**Work to be completed**
Print nothing beyond the line with "Westinghouse 0319620 40W": every line from the beginning of the data up to it, that line included, and no pictures.

Task inputs START

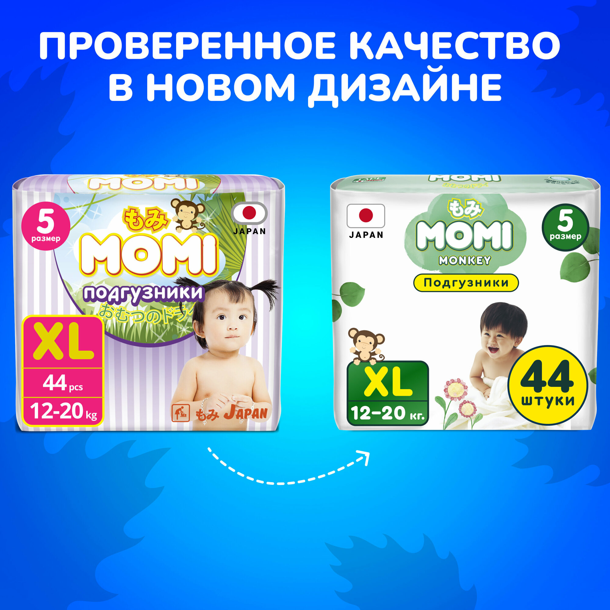Подгузники детские MOMI Monkey 5 XL 12-20 кг, 44 шт
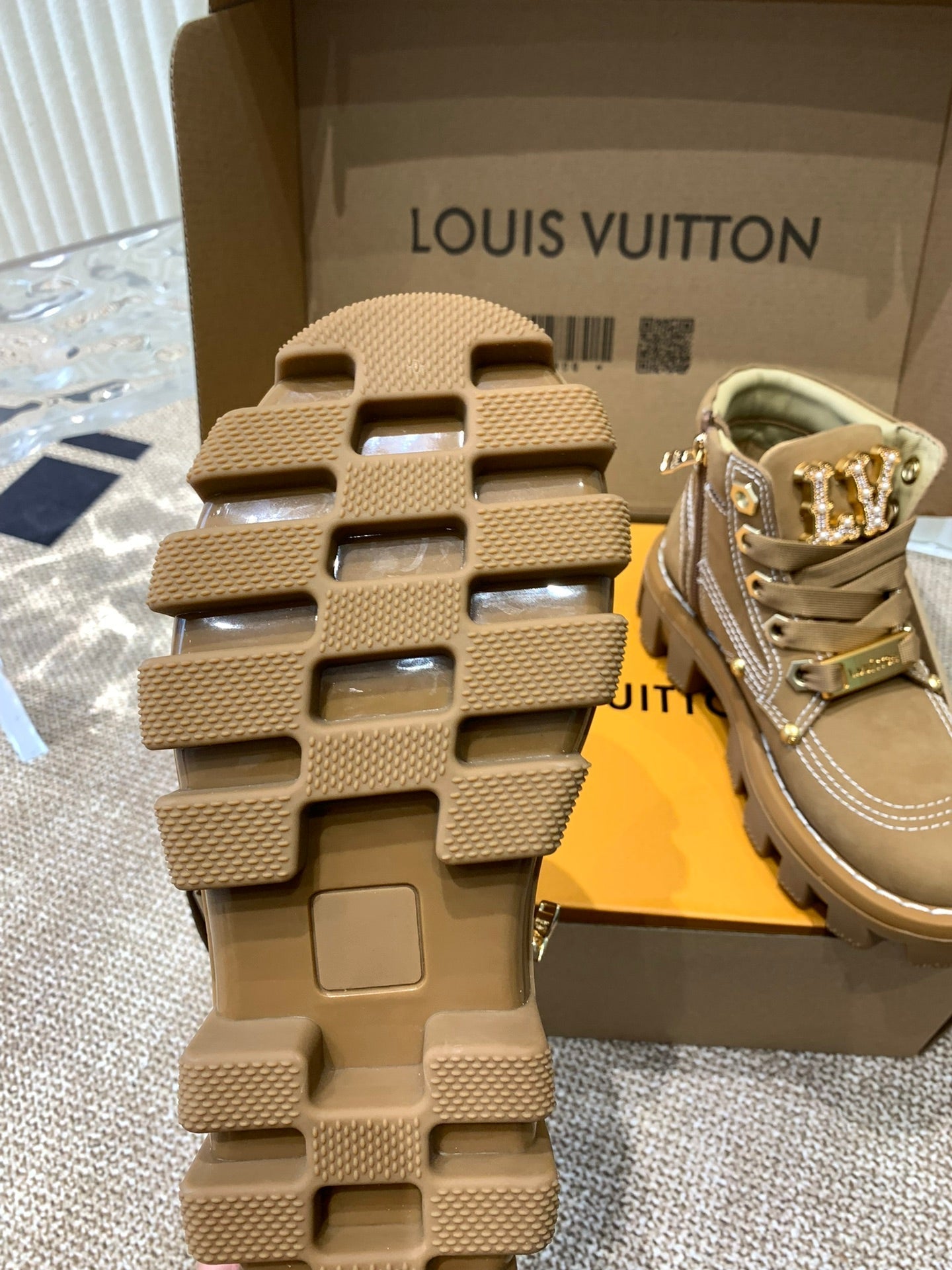LV Checker Ankle Boots Beige Nubuck Calfskin
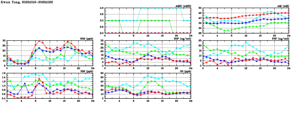 | Air Quality Data Time Series in Kwun Tong (2025/10/22) | ( Line colors: Day -3 Day -2 Day -1 Current day ) | 2D Map Current AQHI |
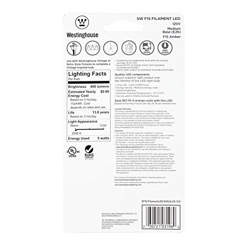 Westinghouse 0319620 40W Equivalent F15 Dimmable Amber Filament LED Light Bulbs with Medium Base (4 Pack)
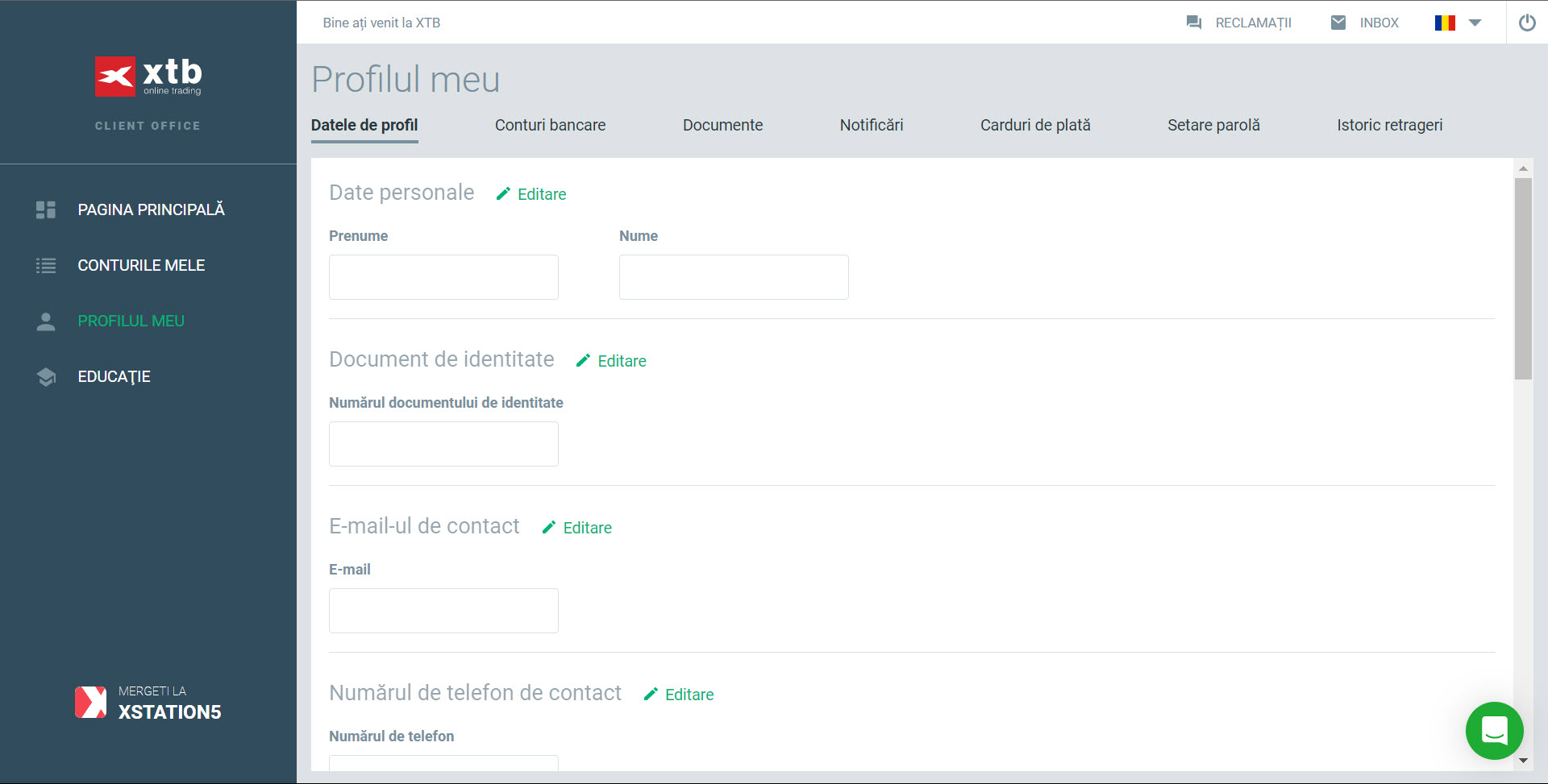 Te conectezi în Client Office folosind aceleași date de conectare ca și pentru contul tău din platforma XTB (e-mail și parolă), apoi accesezi tab-ul Profilul meu.
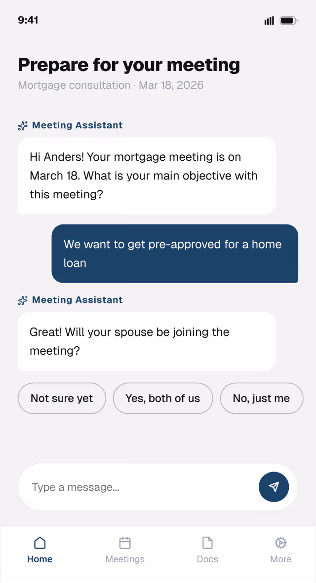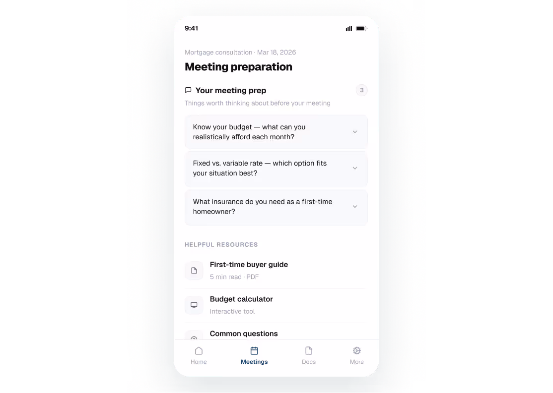 Required documentation is requested and validated before the meeting. You reduce risk and increase transparency across advisory flows.
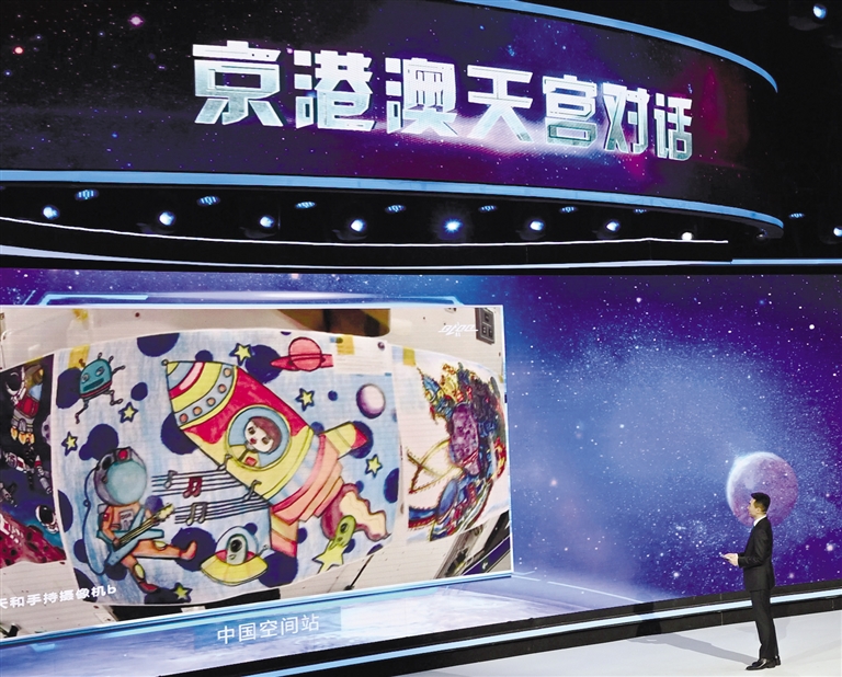 这是中国空间站首次举办天宫画展。在当天举行的“元旦京港澳天宫对话”活动中,神舟十三号航天员乘组对绘画作品进行了现场展示和介绍。

Task inputs END

**Response**
Подгузники детские MOMI Monkey 5 XL 12-20 кг, 44 шт
LV Checker Ankle Boots Beige Nubuck Calfskin
 | Air Quality Data Time Series in Kwun Tong (2025/10/22) | ( Line colors: Day -3 Day -2 Day -1 Current day ) | 2D Map Current AQHI |
 Westinghouse 0319620 40W Equivalent F15 Dimmable Amber Filament LED Light Bulbs with Medium Base (4 Pack)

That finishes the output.